Wallace H. Coulter Department of Biomedical Engineering, Georgia Tech College of Engineering and Emory School of Medicine, Atlanta, GA, USA.
Department of Bioengineering, Innovative Genomics Institute, University of California, Berkeley, CA, USA.
Mol Syst Biol. 2022 Jan;18(1):e10495. doi: 10.15252/msb.202110495.
Understanding mechanisms of antibiotic failure is foundational to combating the growing threat of multidrug-resistant bacteria. Prodrugs-which are converted into a pharmacologically active compound after administration-represent a growing class of therapeutics for treating bacterial infections but are understudied in the context of antibiotic failure. We hypothesize that strategies that rely on pathogen-specific pathways for prodrug conversion are susceptible to competing rates of prodrug activation and bacterial replication, which could lead to treatment escape and failure. Here, we construct a mathematical model of prodrug kinetics to predict rate-dependent conditions under which bacteria escape prodrug treatment. From this model, we derive a dimensionless parameter we call the Bacterial Advantage Heuristic (BAH) that predicts the transition between prodrug escape and successful treatment across a range of time scales (1-10 h), bacterial carrying capacities (5 × 10 -10 CFU/µl), and Michaelis constants (K = 0.747-7.47 mM).
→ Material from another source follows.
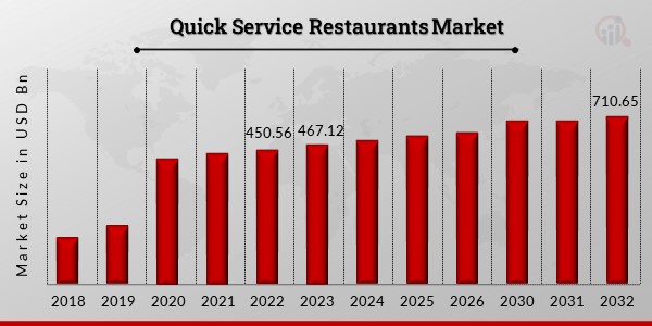 NEW YORK, NY, UNITED STATES, February 16, 2025 /EINPresswire.com/ -- ๐๐ฎ๐ข๐๐ค ๐๐๐ซ๐ฏ๐ข๐๐ ๐๐๐ฌ๐ญ๐๐ฎ๐ซ๐๐ง๐ญ๐ฌ ๐๐ง๐๐ฎ๐ฌ๐ญ๐ซ๐ฒ ๐๐ฏ๐๐ซ๐ฏ๐ข๐๐ฐIn 2023, Quick Service Restaurants Market Size was estimated to be worth USD 450.56 billion. The sector for quick service restaurants is expected to expand at a compound annual growth rate (CAGR) of 4.02% from 2024 to 2032, from USD 488.98 billion to USD 710.65 billion. People's hectic schedules, shifting consumption patterns, and growing e-commerce channel penetration are the main factors driving the market's expansion, which is likely to boost demand for quick service restaurants (QSRs).

To verify these predictions in vitro, we use two models of bacteria-prodrug competition: (i) an antimicrobial peptide hairpin that is enzymatically activated by bacterial surface proteases and (ii) a thiomaltose-conjugated trimethoprim that is internalized by bacterial maltodextrin transporters and hydrolyzed by free thiols. We observe that prodrug failure occurs at BAH values above the same critical threshold predicted by the model. Furthermore, we demonstrate two examples of how failing prodrugs can be rescued by decreasing the BAH below the critical threshold via (i) substrate design and (ii) nutrient control. We envision such dimensionless parameters serving as supportive pharmacokinetic quantities that guide the design and administration of prodrug therapeutics.
了解抗生素失效的机制是对抗日益严重的多药耐药菌威胁的基础。前药-在给药后转化为具有药理活性的化合物-代表了一类用于治疗细菌感染的治疗方法,但在抗生素失效的情况下研究较少。我们假设依赖病原体特异性途径将前药转化为治疗方法的策略容易受到前药激活和细菌复制的竞争速率的影响,这可能导致治疗逃逸和失败。在这里,我们构建了一个前药动力学的数学模型,以预测细菌逃避前药治疗的速率依赖性条件。从这个模型中,我们得出了一个无量纲参数,我们称之为细菌优势启发式(BAH),该参数预测了在一系列时间尺度(1-10 小时)、细菌承载能力(5×10 -10 CFU/µl)和米氏常数(K = 0.747-7.47 mM)范围内,前药逃避和成功治疗之间的转变。为了在体外验证这些预测,我们使用了两种细菌-前药竞争模型:(i)一种抗菌肽发夹,它被细菌表面蛋白酶酶促激活;(ii)一种与硫麦芽糖结合的三甲氧嘧啶,它被细菌麦芽糖转运蛋白内化,并被游离巯基水解。我们观察到,在前药失败的情况下,BAH 值高于模型预测的相同临界阈值。此外,我们通过(i)底物设计和(ii)营养控制,展示了两种使失效的前药通过将 BAH 值降低到临界阈值以下来恢复的示例。我们设想这种无量纲参数可以作为支持性药代动力学参数,指导前药治疗药物的设计和管理。